Мысль большого лироэпического стихотворения, сопоставляющего мирную вольность полудиких кочевий, величавую в своем смирении, невинную и радостную в первобытной простоте и беспечной нищете своей, но ужасающую «сына городов», который «для себя лишь хочет воли», самою своею безусловностью, – с байроническим мятежом своеначальной личности против общественного начала, равно с нею несовместимого в органически бытовых, как и в искусственно осложненных формах общежития, – мысль стихотворения, которое бы музыкально сплело обе эти темы и обострило их противоречие до трагического конфликта «роковых страстей», свободно развивающихся в обеих сферах по присущему каждой из них внутреннему закону, – эта общая идея более или менее смутно или отчетливо предносилась Пушкину, быть может, уже в последнюю пору его пребывания в Бессарабии; но утверждать, что он покинул Кишинев с готовым замыслом «Цыган» или хотя бы с первыми и отрывочными опытами его осуществления в слове, мы не имеем твердого основания.
Установлено, что поэма «Цыганы», являющая торжество таланта уже возмужалого, создавалась поэтом в Одессе, в начале 1824 года, или уже ранее, но совершенно созрела в столь благотворном для его художественного творчества уединении села Михайловского, где он закончил ее 10 октября 1824 года.

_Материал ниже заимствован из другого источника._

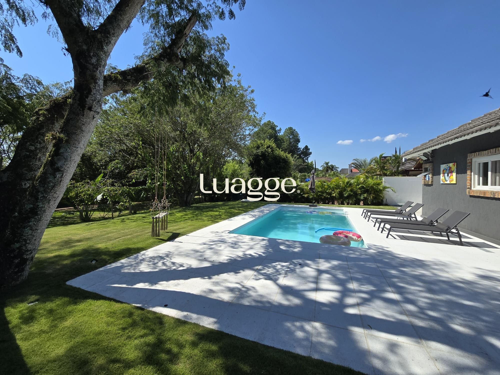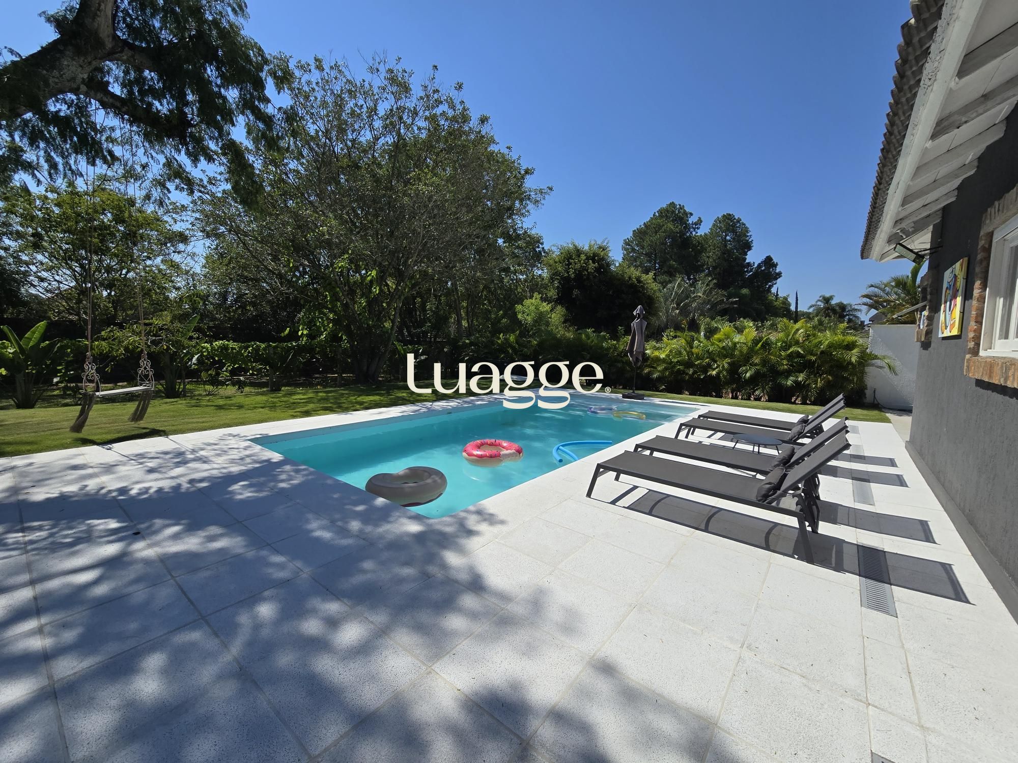 Lindo pátio com piscina aquecida e muito verde.

Из связи письма к кн. П. Вяземскому, в котором поэт сообщает другу: «Сегодня кончил поэму
II
Известно, что внимание Пушкина в Кишиневе с живостью устремлялось на все, что делалось ему непосредственно доступным из области этнографических наблюдений и, в частности, из народной поэзии племен, с коими прямо или косвенно знакомила его местность и сближала среда[185]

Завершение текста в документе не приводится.